God taught us so much throughout the process. It required daily surrender to the Lord’s plans and not allowing fear or doubt to guide my heart. Waiting is so hard. Feeling totally out of control is even harder. Hearing “no” is difficult, it’s hard not to take it personally or feel like something is wrong with you. It was in these places that brought personal and spiritual growth for us individually and in our marriage.

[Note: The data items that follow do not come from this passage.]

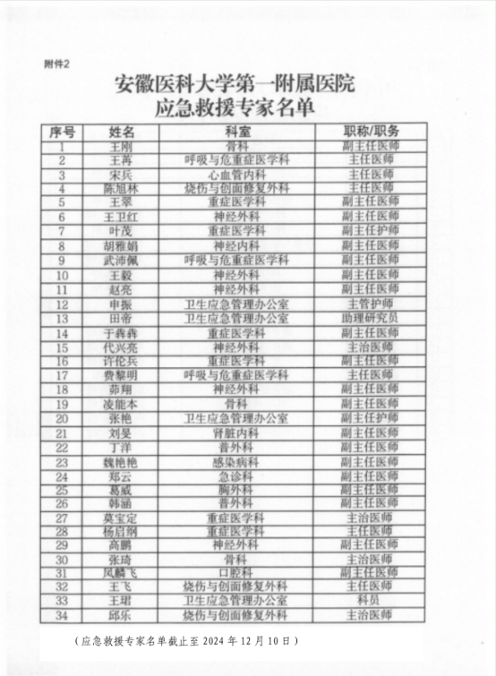 在做好救援工作的同时,医院积极储备突发事件救援专家人才。2024年度,我院累计向安徽省卫健委推荐医疗服务管理及应急救援省级专家库专家137名,向安徽省应急厅推荐防灾减灾应急管理专家3名。
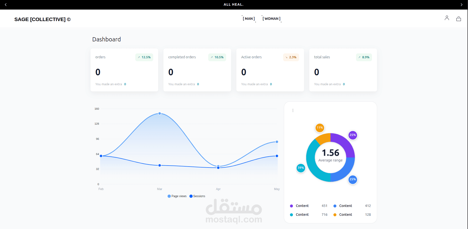 يوفر الموقع أيضًا لوحة تحكم إدارية (Admin Dashboard) تمكن المسؤولين من إدارة المنتجات والمخزون والطلبات والمستخدمين. كما تحتوي لوحة التحكم على أدوات تحليلية (Analytics) لعرض إحصائيات المبيعات، وعدد الطلبات، وأداء المنتجات، مما يساعد الإدارة على متابعة أداء المتجر واتخاذ قرارات مبنية على البيانات.
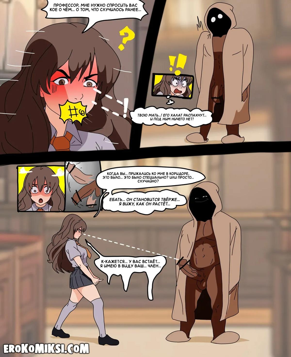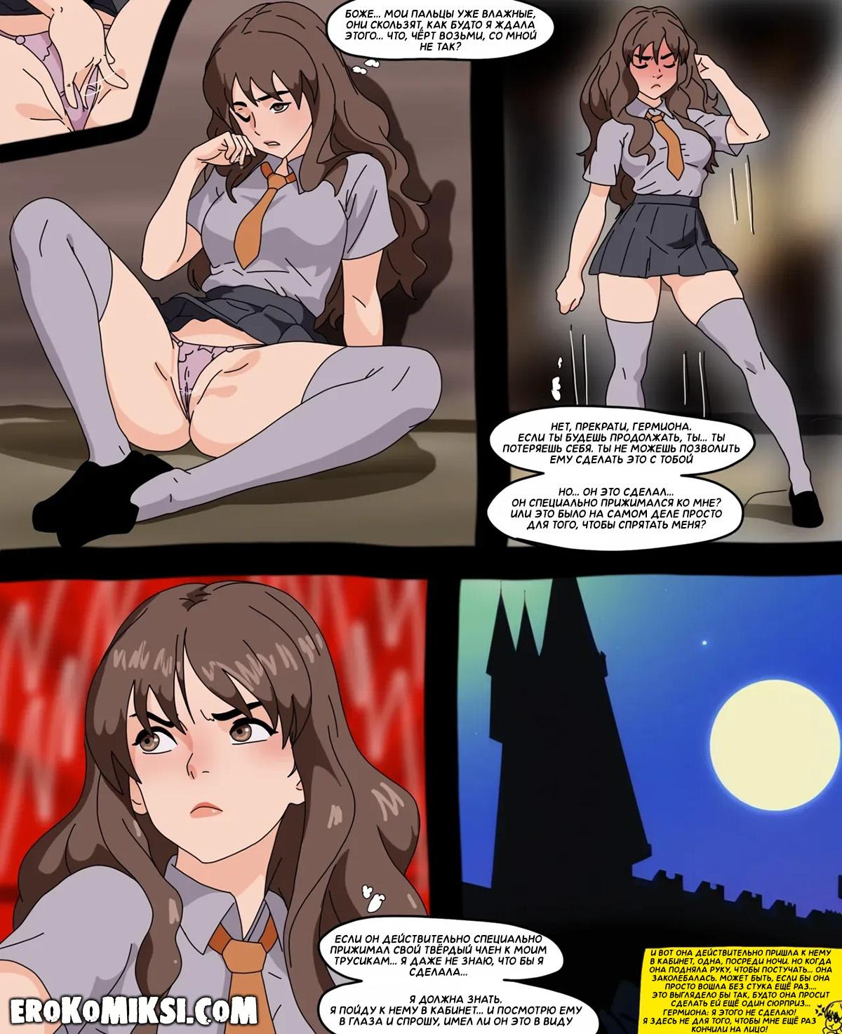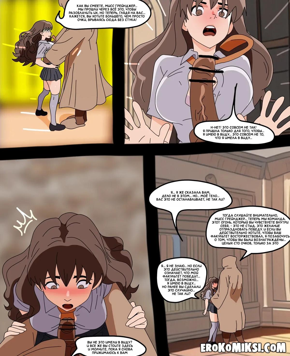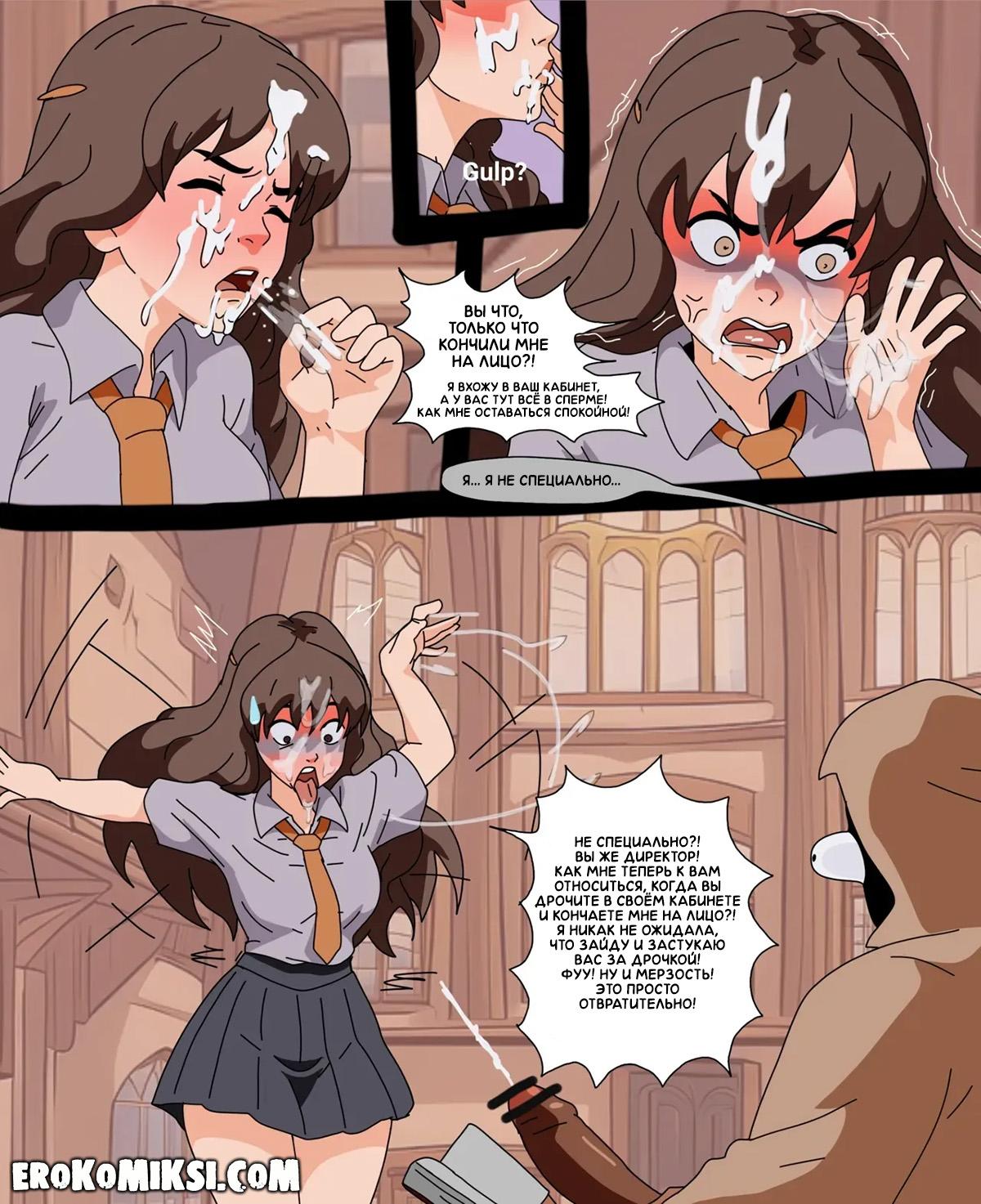 Секс комикс Гарри Поттер. Личные очки Гермионы. Гермиона отправляется к директору, чтобы пожаловаться на остальных учеников, но ворвавшись к нему в кабинет, застаёт профессора дрочащего свой огромный член и получает огромную порцию горячей спермы себе в лицо…

We received a phone call from an attorney in mid-June, totally out of the blue and unexpected. He told us of an expectant mom and her baby boy that was due in November. She opted to allow the attorney to choose an adoptive family for her as this decision seemed much too overwhelming for her. The attorney looked over the list of profiles in hand and chose us to be the adoptive parents, if we chose to say yes. As we looked over her information, everything about it seemed right. Honestly, after looking at previous situations and presenting to a handful of other cases, we always wondered what the “right one” would feel or look like. It’s so easy to overthink the process and look for things written in the sky. That obviously did not happen for us but there was a peace and confidence with this situation that we just knew this was to be our son. We took time to process and pray, and quickly gave our “YES”. And then began the long wait.
Our hope and prayer is that Oliver’s life and our adoption story would make much of God. That it would speak of His goodness in the midst of brokenness and hopelessness, and that it would display His faithfulness in even the smallest details of this story.